#### TASK GOAL:
Your reply should reproduce the data below without a single alteration, apart from dropping the images.

---------------

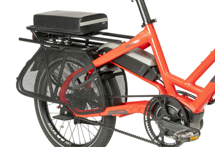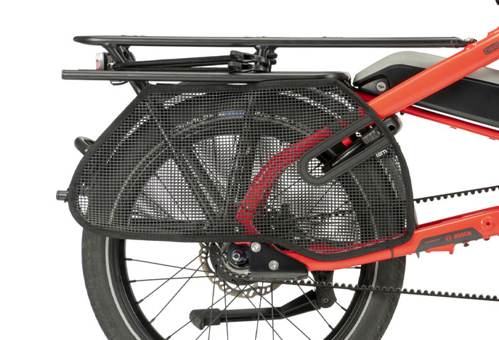 さまざまなパニアやバスケットとともに取り付け可能。天候に左右されず、お手入れが簡単なメッシュ素材と丈夫なベルクロストラップを使用。 ※対応モデル:HSD P9 ※Wheel Guardを取り付けてもHSD標準装備のフレームロックは問題なく施錠可能です。
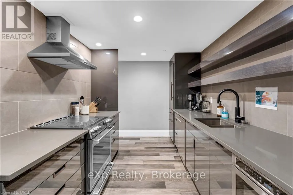 Elizabeth St to Arthur St South One bedroom plus den at the Metalworks overlooking the river! The lease price also includes one underground parking space (second spot also available for an additional $200 per month), a private storage locker, water usage, and use of all building amenities. Tenant to pay for electricity. The unit features an upgraded kitchen with an island, and the den serves as a perfect office/guest bedroom. Amenities include a gym, pet spa, concierge service, bocci ball court, library, entertainment room, guest suite, speakeasy, natural gas fire pit, and private courtyards. Also, a great location for commuters with the ever-expanding train service to Toronto. Available now for a one-year lease. (id:27476)
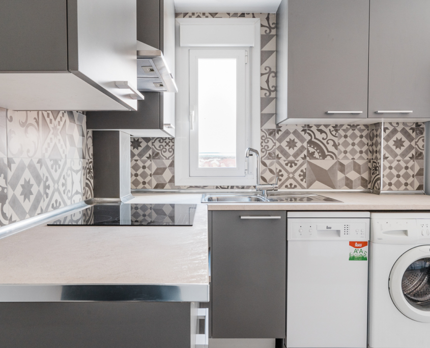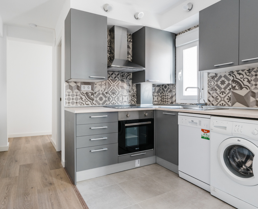Reforma integral de antigua vivienda de portería ubicada en Camino de Las Torres con Tenor Fleta. Se reformó completamente para rentabilizar su inversión en alquiler. Se trata de un inmueble de 45 m2 distribuido en 2 dormitorios, salón + cocina americana y baño.
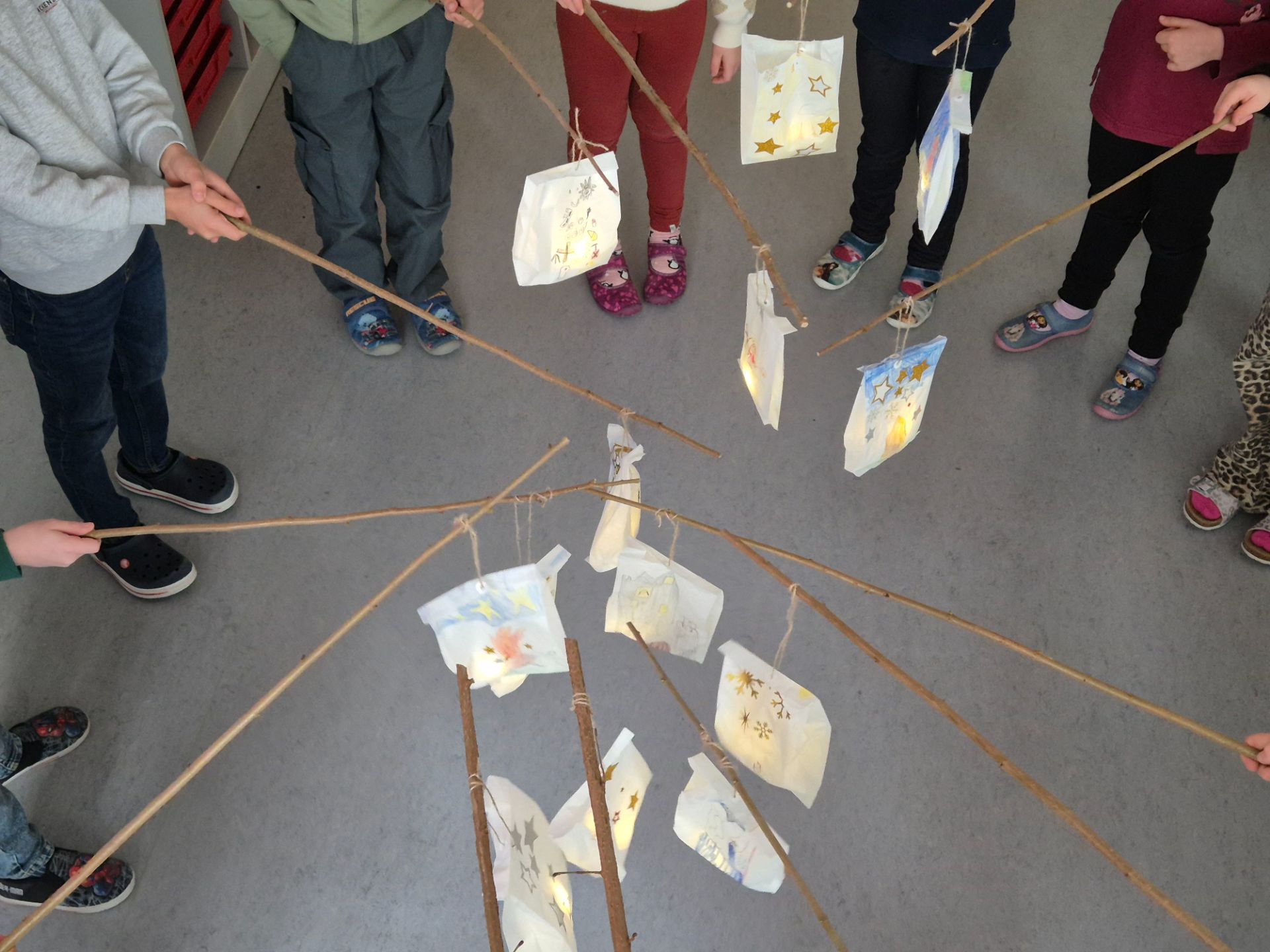 Im Anschluss wurden Martinslaternen gebastelt, deren Licht uns alle erfeute und die stolz präsentiert wurden.
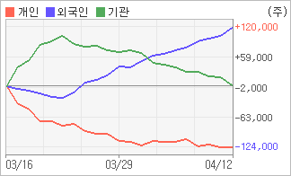 기관이 3일연속 주식을 팔고 있는 반면 외국인은 9일연속 주식을 사고 있다. 4주간을 기준으로 보면 외국인이 초반에 동종목을 순매수한 이후에 기세를 이어가며 119,265주를 순매수했고, 기관도 초반에 동종목을 순매수한 이후에 최근에는 순매수량이 줄어들고 있음에도 불구하고 2,948주를 순매수했다. 반면 개인들은 매도쪽으로 방향을 잡으면서 122,213주를 순매도한 것으로 나타났다.
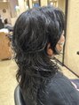 マッシュウルフに毛先に動きが出るようにパーマをかけました。カラーはブルーブラックでクールな感じに。
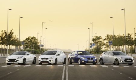 En esta prueba se enfrentan cuatro modelos de última generación con motores turbo de gasolina y tarifas asequibles o al menos no prohibitivas: de 23.000 a 33.000 euros. Son los Kia Pro_Cee’d, Peugeot RCZ, BMW 220i Coupé y Hyundai Veloster, cuatro deportivos de planteamientos diferentes. Se impone el primero, un familiar compacto tipo GTi. Y tras él se sitúa el Peugeot RCZ, un deportivo 2+2 plazas; el BMW 220i Coupé, la versión cupé del Serie 1, y el Hyundai Veloster, otro cupé, pero de tres puertas.
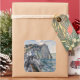 O belo e único trabalho de arte apresenta o Cliff of Aval de Monet, Etretat como um fundo de um cavalo negro de aquarela com cobertura de retrato de coroa floral.

---------------

#### TASK ANSWER:
 さまざまなパニアやバスケットとともに取り付け可能。天候に左右されず、お手入れが簡単なメッシュ素材と丈夫なベルクロストラップを使用。 ※対応モデル:HSD P9 ※Wheel Guardを取り付けてもHSD標準装備のフレームロックは問題なく施錠可能です。
 Elizabeth St to Arthur St South One bedroom plus den at the Metalworks overlooking the river! The lease price also includes one underground parking space (second spot also available for an additional $200 per month), a private storage locker, water usage, and use of all building amenities. Tenant to pay for electricity. The unit features an upgraded kitchen with an island, and the den serves as a perfect office/guest bedroom. Amenities include a gym, pet spa, concierge service, bocci ball court, library, entertainment room, guest suite, speakeasy, natural gas fire pit, and private courtyards. Also, a great location for commuters with the ever-expanding train service to Toronto. Available now for a one-year lease. (id:27476)
Reforma integral de antigua vivienda de portería ubicada en Camino de Las Torres con Tenor Fleta. Se reformó completamente para rentabilizar su inversión en alquiler. Se trata de un inmueble de 45 m2 distribuido en 2 dormitorios, salón + cocina americana y baño.
 Im Anschluss wurden Martinslaternen gebastelt, deren Licht uns alle erfeute und die stolz präsentiert wurden.
 기관이 3일연속 주식을 팔고 있는 반면 외국인은 9일연속 주식을 사고 있다. 4주간을 기준으로 보면 외국인이 초반에 동종목을 순매수한 이후에 기세를 이어가며 119,265주를 순매수했고, 기관도 초반에 동종목을 순매수한 이후에 최근에는 순매수량이 줄어들고 있음에도 불구하고 2,948주를 순매수했다. 반면 개인들은 매도쪽으로 방향을 잡으면서 122,213주를 순매도한 것으로 나타났다.
 マッシュウルフに毛先に動きが出るようにパーマをかけました。カラーはブルーブラックでクールな感じに。
 En esta prueba se enfrentan cuatro modelos de última generación con motores turbo de gasolina y tarifas asequibles o al menos no prohibitivas: de 23.000 a 33.000 euros. Son los Kia Pro_Cee’d, Peugeot RCZ, BMW 220i Coupé y Hyundai Veloster, cuatro deportivos de planteamientos diferentes. Se impone el primero, un familiar compacto tipo GTi. Y tras él se sitúa el Peugeot RCZ, un deportivo 2+2 plazas; el BMW 220i Coupé, la versión cupé del Serie 1, y el Hyundai Veloster, otro cupé, pero de tres puertas.
 O belo e único trabalho de arte apresenta o Cliff of Aval de Monet, Etretat como um fundo de um cavalo negro de aquarela com cobertura de retrato de coroa floral.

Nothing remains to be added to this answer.